WHAT YOU SHOULD DO: Output only the lines below from the one holding "- 支払い方法:クレジットカード・銀行振込み・コンビニ決済" down to the one holding "Round mirror backed", both end lines included and every picture dropped.

SOURCE MATERIAL:

----

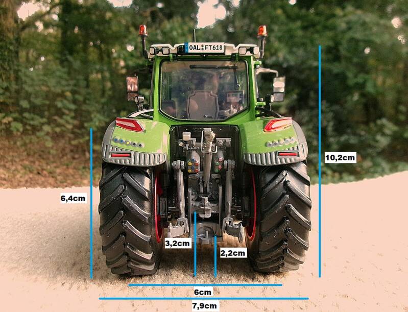 Enkele afmetingen van het model. Deze is in schaal 1:32, dus 1cm van het model is 32cm in het echt.
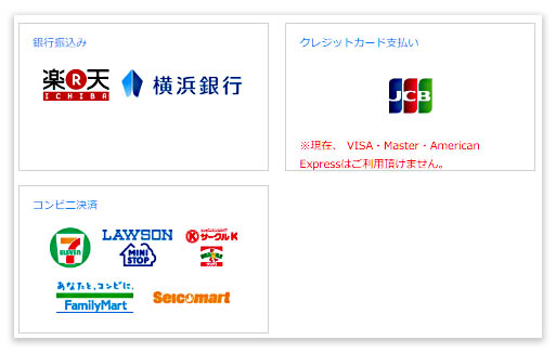 - 支払い方法:クレジットカード・銀行振込み・コンビニ決済
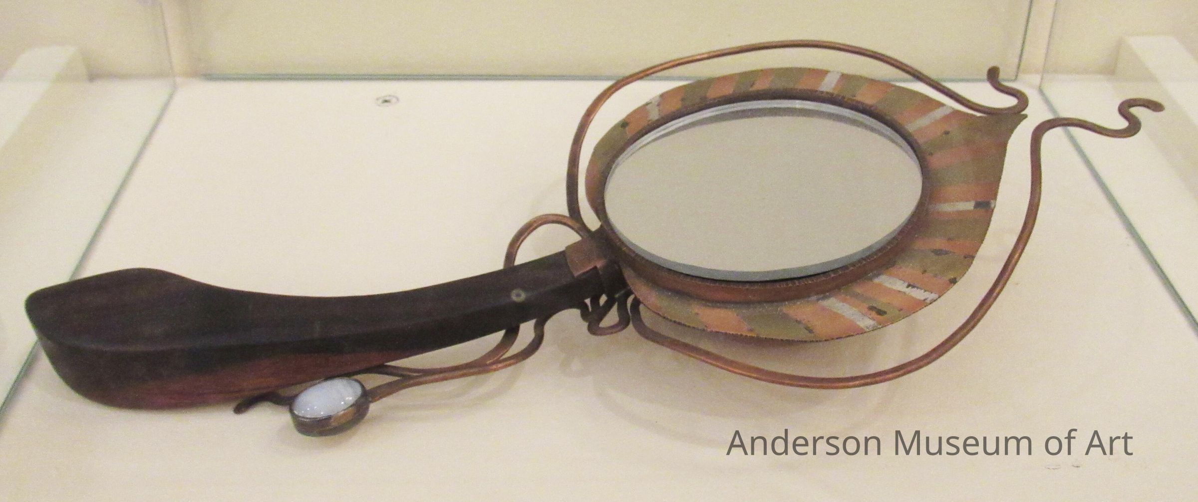 Round mirror backed by copper bowl and trimmed with a halo of alternating strips of copper, silver, and brass. Mirror attached to wooden handle. Copper wire adorns the backside, upper and lower mirror, and handle. It is accented with moonstone and lace agate.Type of Sculpture
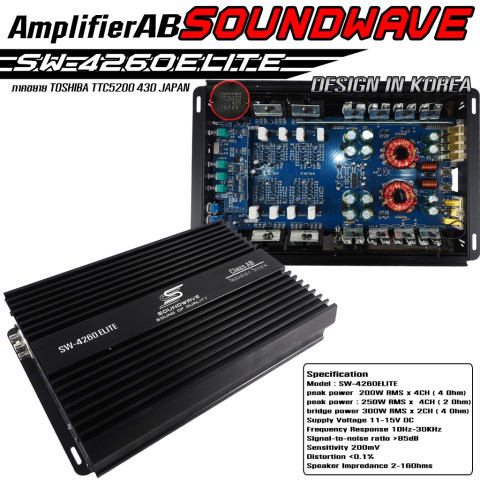 POWER Class AB 4Ch รุ่น SW-4260ELITE (SOUNDWAVE) เพาเวอร์แอมป์รถยนต์คลาสเอบีเกรดพรีเมียม ออกแบบภายใต้คอนเซ็ปต์ Design in Germany ให้พลังขับเต็มกำลัง รายละเอียดเสียงชัดเจน เสียงสะอาดสดใส ปลายแหลมพริ้ว กลางคมชัด เหมาะทั้งชุดฟังสบายและชุดเน้นพลัง เปิดอัดต่อเนื่องได้นานด้วยงานประกอบคุณภาพและการระบายความร้อนที่ดี

----

SOLUTION:
 - 支払い方法:クレジットカード・銀行振込み・コンビニ決済
 Round mirror backed by copper bowl and trimmed with a halo of alternating strips of copper, silver, and brass. Mirror attached to wooden handle. Copper wire adorns the backside, upper and lower mirror, and handle. It is accented with moonstone and lace agate.Type of Sculpture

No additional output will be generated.